Exercise »
Every line below from the one containing "Two tattooed folks" through the one containing "中新社發(fā) 周波 攝" is to be printed exactly, with the pictures omitted.
### Extracted entries
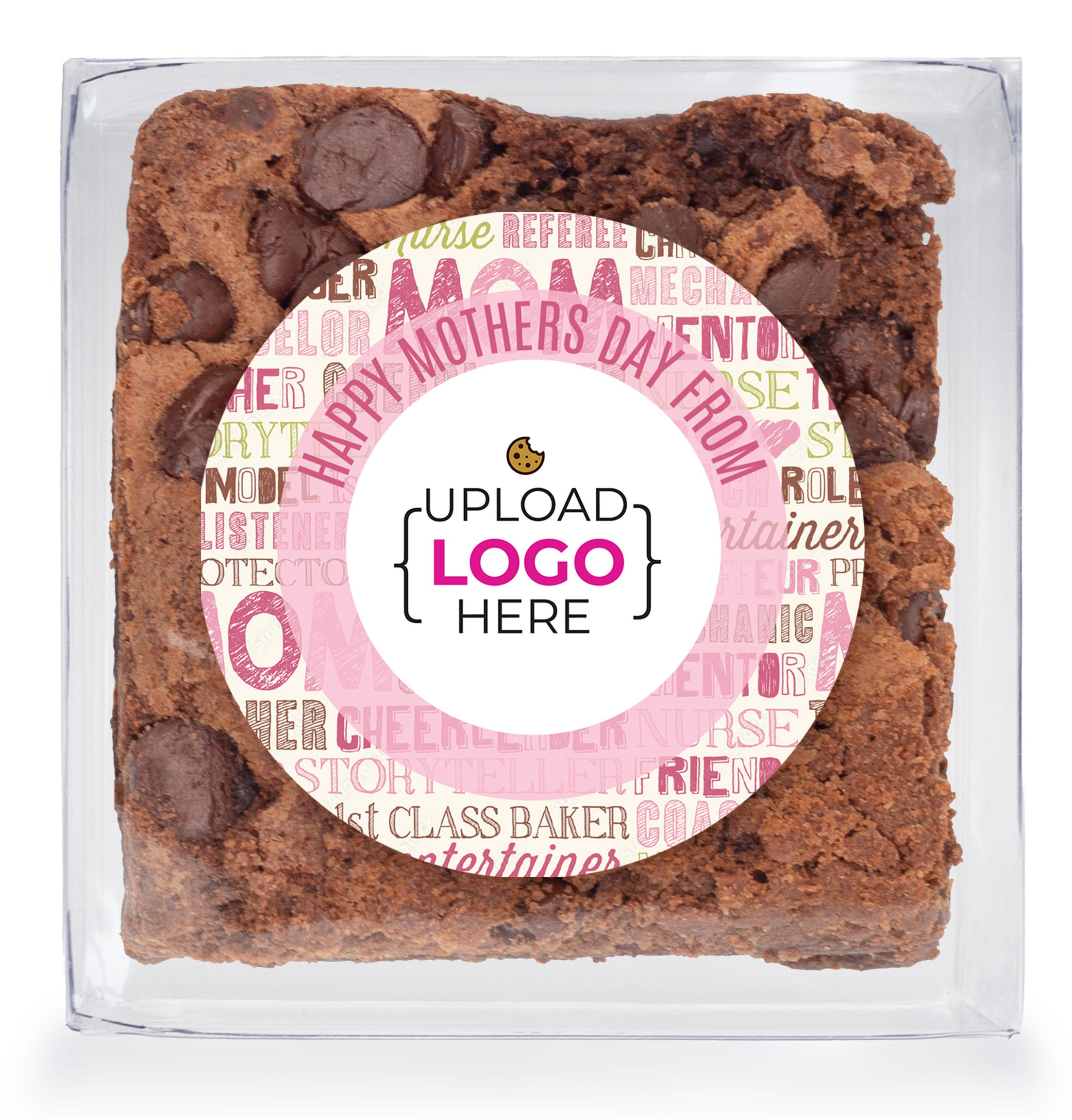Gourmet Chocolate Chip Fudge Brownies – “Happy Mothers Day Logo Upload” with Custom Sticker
######
### Extracted entries
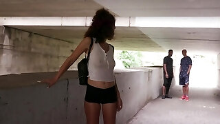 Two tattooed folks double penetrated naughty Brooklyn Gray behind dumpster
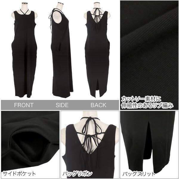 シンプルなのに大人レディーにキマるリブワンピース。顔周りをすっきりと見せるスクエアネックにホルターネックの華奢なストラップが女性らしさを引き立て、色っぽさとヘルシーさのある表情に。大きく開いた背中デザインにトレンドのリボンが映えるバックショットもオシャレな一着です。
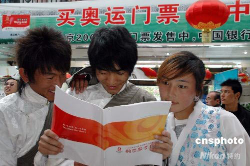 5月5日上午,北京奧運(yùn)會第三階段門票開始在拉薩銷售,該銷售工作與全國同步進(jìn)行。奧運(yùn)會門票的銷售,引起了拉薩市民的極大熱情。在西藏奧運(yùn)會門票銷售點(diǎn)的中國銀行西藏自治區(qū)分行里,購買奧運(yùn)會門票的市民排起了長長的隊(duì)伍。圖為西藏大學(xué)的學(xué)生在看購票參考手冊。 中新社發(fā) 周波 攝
######
### Extracted entries
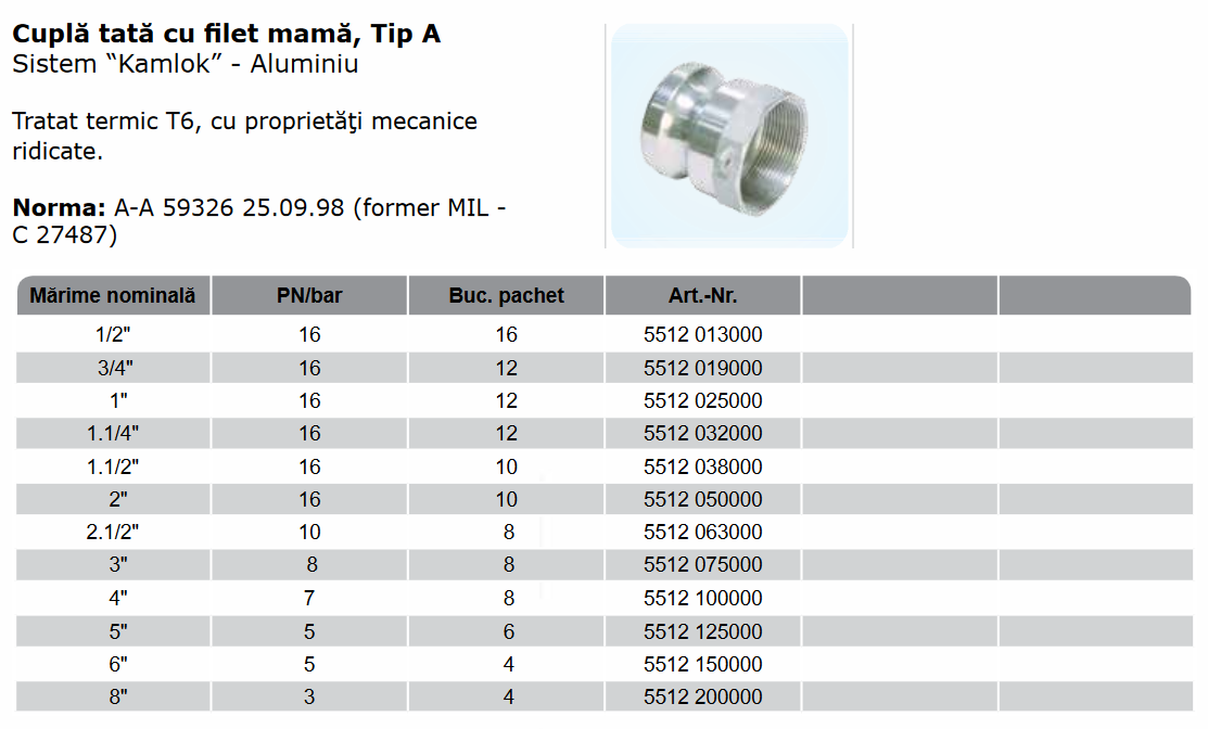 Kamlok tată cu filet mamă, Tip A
######
Answer box »
 Two tattooed folks double penetrated naughty Brooklyn Gray behind dumpster
 シンプルなのに大人レディーにキマるリブワンピース。顔周りをすっきりと見せるスクエアネックにホルターネックの華奢なストラップが女性らしさを引き立て、色っぽさとヘルシーさのある表情に。大きく開いた背中デザインにトレンドのリボンが映えるバックショットもオシャレな一着です。
 5月5日上午,北京奧運(yùn)會第三階段門票開始在拉薩銷售,該銷售工作與全國同步進(jìn)行。奧運(yùn)會門票的銷售,引起了拉薩市民的極大熱情。在西藏奧運(yùn)會門票銷售點(diǎn)的中國銀行西藏自治區(qū)分行里,購買奧運(yùn)會門票的市民排起了長長的隊(duì)伍。圖為西藏大學(xué)的學(xué)生在看購票參考手冊。 中新社發(fā) 周波 攝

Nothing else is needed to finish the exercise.